La situation du secteur est, certes, préoccupante et mérite de nous tous une attention particulière. Mais je ne pense pas qu’elle arriverait à perturber la solidité et l’équilibre des banques. Comme vous le savez, les créances classées sont convenablement provisionnées. Même les actifs constitués en garanties font l’objet d’une décote régulière en fonction de l’ancienneté de la dette. Donc le risque rattaché au secteur est convenablement couvert par des provisions directes et additionnelles. Le problème est que les importantes créances classées ne génèrent pas des intérêts pour les banques et ne contribuent pas, par voie de conséquence, à l’amélioration des revenus d’exploitation et, partant, du produit net bancaire.
Les répercussions de la crise sanitaire sur le secteur du tourisme seront lourdes. Et avec le dispositif de garantie de 500 millions de dinars qui a été mis en place par le gouvernement pour soutenir le secteur, l’endettement hôtelier risque de s’aggraver. Est-il judicieux de laisser filer la dette à un secteur qui s’obstine à faire sa mise à niveau?
Je pense qu’il faudrait maintenant recadrer les priorités. L’essentiel au temps de Covid est de faire en sorte que les hôtels et autres entreprises touristiques, qui sont déjà en fonctionnement et qui reçoivent de la clientèle, ne soient pas amenés à fermer suite à la crise du Covid-19. Donc, les enjeux sont des enjeux de sauvetage d’un outil de production qui fonctionne déjà et qui a besoin d’une assistance particulière pour qu’il puisse se maintenir en état d’exploitation normal, préserver la main-d’œuvre et couvrir les charges incompressibles. Un fort soutien à la fois bancaire et budgétaire est indispensable et doit durer tant que le secteur touristique n’a pas commencé à redémarrer. Reste la question de restructuration qui, d’ailleurs, s’est posée, bien avant le Covid et qui doit être remise, rapidement, sur la table pour la traiter d’une manière responsable et sereine afin de ne pas perdre des investissements qui ont coûté cher à la nation.
Quelle est votre vision pour améliorer et diversifier l’offre touristique ?
La Tunisie n’a pas beaucoup de ressources naturelles. Le bon Dieu l’a doté d’une beauté inégalable. C’est dommage de ne pas en profiter convenablement pour créer des emplois, augmenter les revenus des citoyens et rayonner à l’extérieur. C’est que les statistiques mondiales placent le secteur des loisirs parmi les catégories des dépenses qui enregistrent et enregistreront les plus grands taux d’augmentation à l’échelle planétaire. Il y a en Tunisie une rencontre évidente entre les aspirations de la demande et les composantes de l’offre.

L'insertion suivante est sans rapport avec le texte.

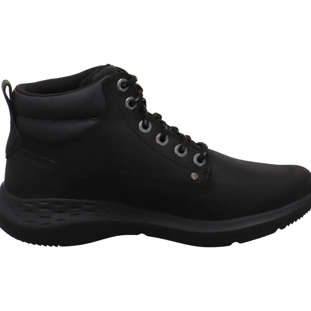 Gefertigt aus einem Mix aus Echtleder und Kunstleder in Schwarz, begeistert er uns durch seine komfortable Ausstattung. So sind der Schaft und die Zunge angenehm weich gepolstert. Dank der Schnürung und der Lasche am Schaft kommt man spielend in die Stiefelette.

L’enjeu est de mettre en application une stratégie cohérente visant à consolider les bases d’une activité touristique durable, à savoir des villes propres, des stations touristiques agréables, une formation professionnelle responsable et sérieuse, un service de qualité, une maîtrise des langues étrangères, un transport aérien ouvert, etc. Ce sont des actions indispensables pour pouvoir garantir le bien-être de tous ceux qui se trouvent en Tunisie : nationaux, étrangers et touristes. Tout le reste constitue une sophistication intellectuelle qui ne produira pas des effets positifs si l’essentiel n’est pas assuré. Vous savez que parmi les plus grands pays fournisseurs du tourisme mondial figure la Chine. Les Chinois débarquent en Europe et dans les pays asiatiques par cohortes successives totalisant plusieurs millions de personnes dotés de budgets touristiques impressionnants. J’ai eu l’occasion de recevoir dernièrement des amis chinois qui se sont déplacés en Tunisie comme touristes. A la fin de leur séjour, je leur ai demandé quels sont les facteurs qui pourraient les amener à revenir en Tunisie. Leur réponse unanime a fusé «Nous reviendrons en Tunisie pour admirer son ciel bleu et ses nuits étoilées».